# Nordic Ware Indoor/Outdoor Smoker



## Chef Munky

We've been missing smoked ribs and chickens.Because of the drought I didn't once bring out our smoker this past summer. It's been mostly cooking for 2 now these days.

I can't wait to get this for Christmas.Nothing's better than picking out your own gifts.

I liked it because it reminded me of how much my husband loved our smoker.Now that were getting older it's time to simplify things.
Found this goodie on Amazon last night.I also placed an order for an additional 8 pints of smoking chips. 

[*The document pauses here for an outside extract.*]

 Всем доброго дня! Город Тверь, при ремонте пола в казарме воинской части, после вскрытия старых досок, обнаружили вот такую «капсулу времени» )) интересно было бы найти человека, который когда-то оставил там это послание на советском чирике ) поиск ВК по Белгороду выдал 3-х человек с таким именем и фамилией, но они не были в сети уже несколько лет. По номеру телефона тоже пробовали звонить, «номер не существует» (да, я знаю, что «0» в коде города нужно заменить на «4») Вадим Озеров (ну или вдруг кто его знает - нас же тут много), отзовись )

HO-HO-HO! Let's have some fun.
My husband was commenting on different things he'd like to smoke.
I hope Salmon is on his list.Maybe I should have bought 2.Have a feeling he's going to enjoy this far more than I will.Especially after I showed him some videos of it. 

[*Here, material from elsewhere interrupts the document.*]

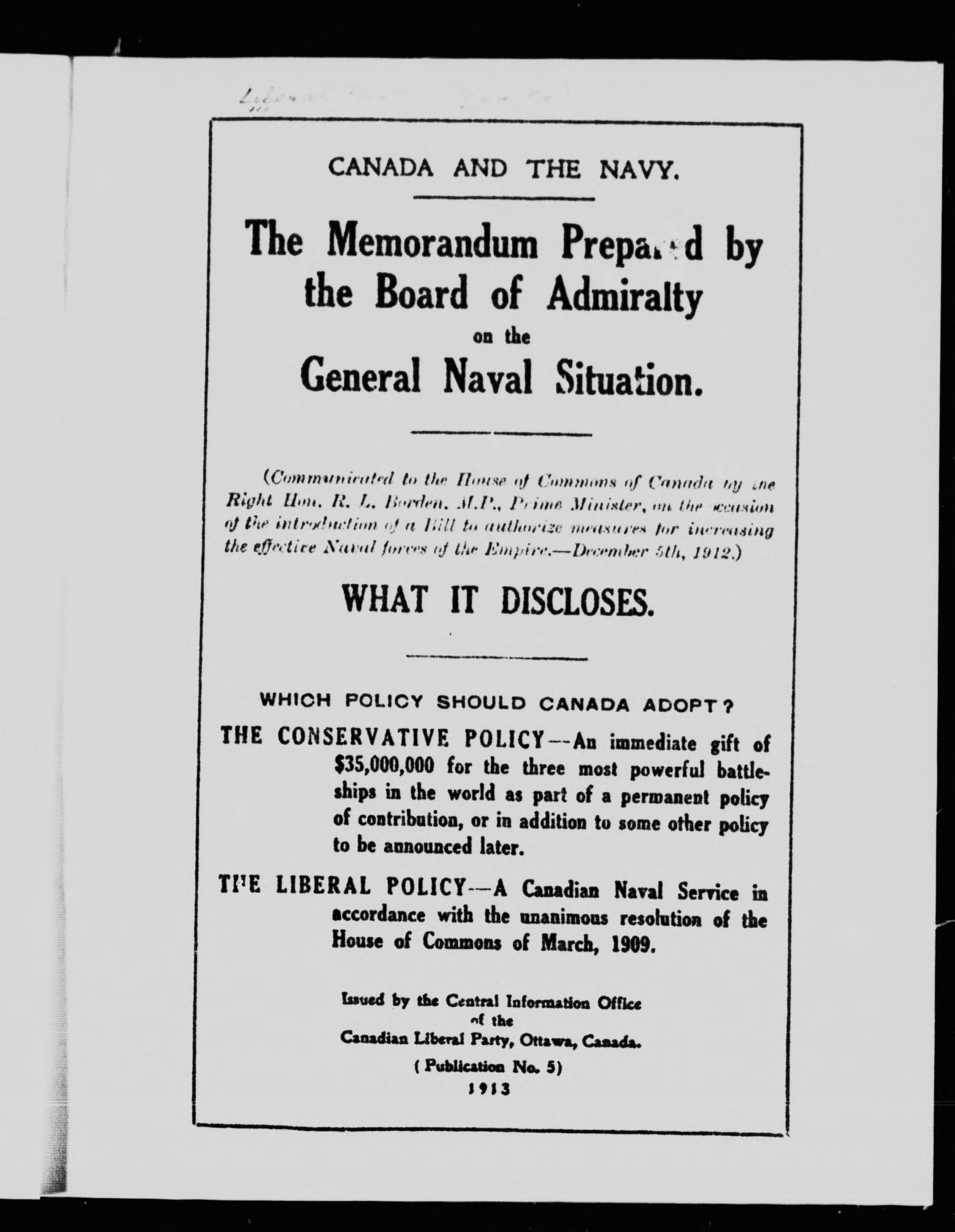 Canada and the navy : the memorandum prepared by the Board of Admiralty on the general naval situation ... what it discloses. - Published

http://www.amazon.com/Nordic-Ware-I...d=1449597905&sr=1-2&keywords=stovetop+smokers


----------



## mlyyates

Now I want one......... let us know how it works.


----------



## roadfix

That almost looks like a stove top Weber kettle.  I'd get one just for the cool factor.   I'm sure it cooks well too....


----------



## Dawgluver

Very cool, Munky!


----------



## Chef Munky

roadfix said:


> That almost looks like a stove top Weber kettle.  I'd get one just for the cool factor.   I'm sure it cooks well too....



He liked the cool factor of it to.
Weber grill came to mind when I saw it.The weber always did a great job smoking meats.

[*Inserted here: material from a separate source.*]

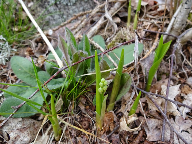 När hunden och jag gick över kullen, upptäckte jag några gröna spjut vid kanten på stigen. Det fanns inga knoppar än där, men längs grusvägen hittade jag några små, små knoppar av liljekonvaljer. Nu är de också på gång. Vi har en underbar tid framför oss.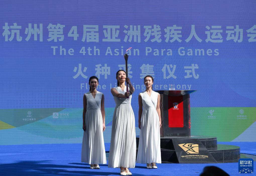 當日,杭州第四屆亞洲殘疾人運動會火種在首屆亞殘運會的舉辦地廣州完成采集。

It's going to be interesting to see how well it cooks.
I like it even more knowing that my days of standing out in the cold smoking a Tri-Tip or ribs are over.


----------



## Cheryl J

That does look way cool, Munky!  I might have to look into one of those.  I had a smoker about 12 years ago or so, and ended up giving it away.  I soon wished I hadn't, but with caring for my mom full time I just didn't have the time or inclination to use it.  

Salmon would definitely be close to the top on my list, and smoked cheese is amazing, too! Thanks for the link, and let us know how you love it!


----------



## taxlady

Munky, I'm curious what the drought has to do with smoking.

Does this stove top smoker hot smoke, or can it cold smoke too?


----------



## Chef Munky

taxlady said:


> Munky, I'm curious what the drought has to do with smoking.
> 
> Does this stove top smoker hot smoke, or can it cold smoke too?



It has to do with dry grass. Were only allowed to water the lawns on certain days.Limited times. With the dry grass, a charcoal hot smoker next to it wouldn't have been a bright idea. Not in this windy area.

From what I've seen of the video it's a hot smoke.Can't say if it's a cold one.
I'm not familiar with that kind of technique to give you an honest answer.
Maybe someone who is can answer that.

I'll let you guys know how it works out. If I'm lucky maybe he will let me have it early. So far he's NOT budging. Would a SHOVE work?


----------



## Chef Munky

Cheryl J said:


> That does look way cool, Munky!  I might have to look into one of those.  I had a smoker about 12 years ago or so, and ended up giving it away.  I soon wished I hadn't, but with caring for my mom full time I just didn't have the time or inclination to use it.
> 
> Salmon would definitely be close to the top on my list, and smoked cheese is amazing, too! Thanks for the link, and let us know how you love it!



I can see why you didn't. It is work. Hopefully the person who you gave it to is enjoying it. We gave our first one away to. Newborn and moving.No time for smokin'. Daaaaaang!! 

The guy we gave it to was over the moon to get it.
So it's all worked out.


----------



## cinisajoy

taxlady said:


> Munky, I'm curious what the drought has to do with smoking.
> 
> Does this stove top smoker hot smoke, or can it cold smoke too?


Hi. We spent 3 years with no moisture whatsoever. 
No car washing.   Burn bans.  (No fires of any sort.)  At its worst we could water 2 hours one day a week.   Just enough to keep the trees alive.
The only upside was it gave the city time to really clean out the drainage system.
Chef Munky,
You have my utter and complete sympathy.


----------



## Chef Munky

*Got Lucky....Again.*

It arrived last night.Yeee-haaaaw!

My husband let me look at the box.Read everything about it,then still held fast to "Not Until Christmas" alright, I was fine with that.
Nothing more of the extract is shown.